“We started with a situation that looked hopeless, nobody thought anything could be done. But we may have struck gold.” –Peter Walter, PhD.
The cognitive features of Down syndrome (DS) are usually assumed to be “hardwired” and unchangeable, but a recent study suggests that some of them might in fact be more like biochemical “software” that could rewritten through drug treatment.
Using a well-accepted animal model of DS known as the Ts65Dn mouse, researchers in San Francisco and Houston pinpointed changes in protein production in a region of the brain called the hippocampus, which plays a central role in the ability to learn and form long-term memories. Even more exciting, the researchers showed that a drug can reverse the protein changes and improve the mice’s ability to learn.
Normally, humans have two copies of each chromosome, but individuals with DS have a third copy of chromosome 21. Similarly, the Ts65Dn mice have extra copies of corresponding genes. As a result, these mice have many physical, behavioral, and cognitive features similar to DS.

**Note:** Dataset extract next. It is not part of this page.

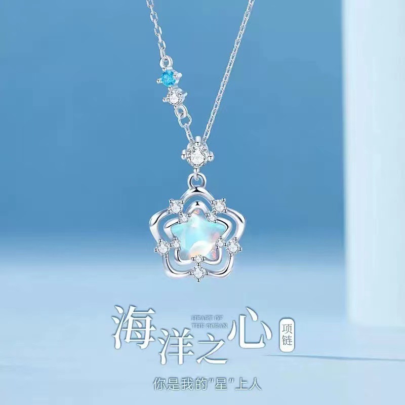 Ocean Heart Necklace Women's Light Luxury Niche Design Versatile Temperament Clavicle Chain Valentine's Day Gift for Girlfriend
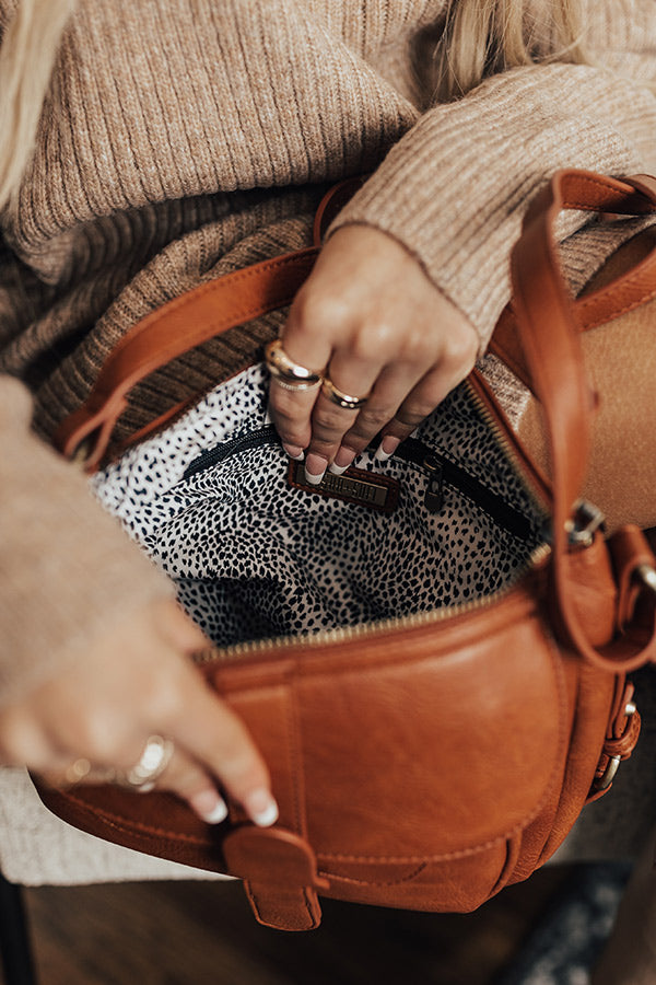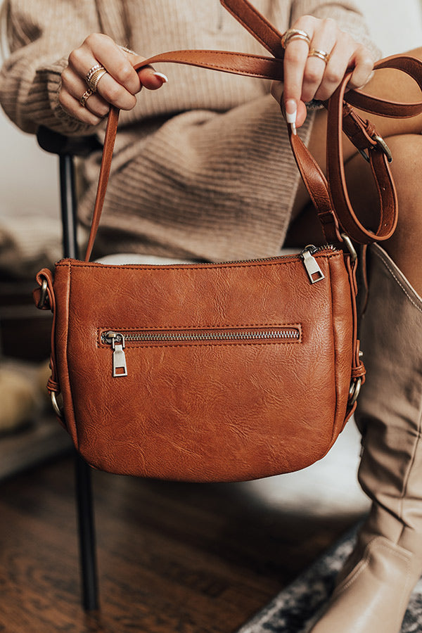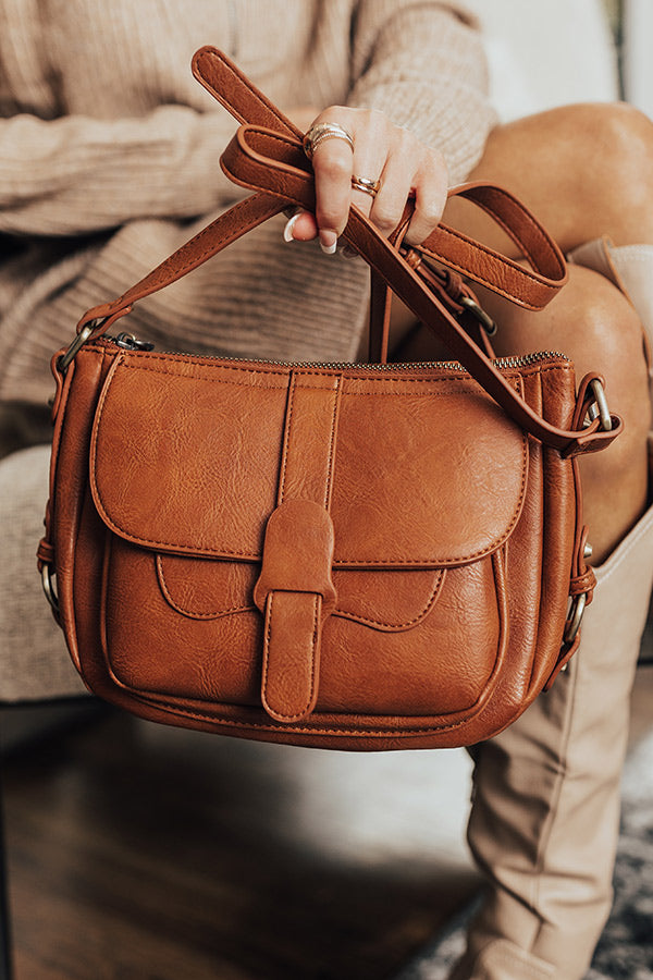 Perfect for wearing with any look, our versatile maple colored 'Put You First' crossbody features faux leather material, a front pocket with a flap closure with a snap button, an adjustable shoulder strap, a zip closure back pocket, and a spacious filly lined pouch with an zip closure and an additional zip closure pocket inside!

The research team analyzed hippocampus cells in the Ts65Dn mice and found that the cells were making 39 percent less protein than normal. It turns out that cells don’t like having extra genes and react by shutting down protein production, a reaction called integrated stress response,” or ISR. The problem is that for brains to form memories, they need to make proteins.
Is this discovery in mice relevant to humans with DS? Analyzing brain tissue from deceased persons with Down syndrome, the researchers found strong evidence that the ISR is involved in, and perhaps even responsible for, certain DS symptoms.
What’s more, the team identified an enzyme called PKR that is responsible for turning on the ISR in hippocampus cells in DS. Most excitingly, they found a safe, well-studied drug called ISRIB that interferes with the ISR’s ability to shut down protein production. When given to Ts65Dn mice, the drug significantly improved their cognitive function.
The study was published Nov. 14, 2019, in the journal Science. Senior co-authors are Peter Walter, PhD, professor of Biochemistry and Biophysics at University of California San Francisco and Mauro Costa-Mattioli, PhD, a professor of neuroscience at Baylor College of Medicine in Houston, Texas.
Much more research is needed including testing in people with Down syndrome to see if this approach can actually be safe and effective. It will be 5 to 10 years before any drug is FDA approved for this use.
“These findings offer more promise to transform the learning and memory deficits associated with Down syndrome,” said Hampus Hillerstrom, President and CEO of LuMind IDSC Foundation.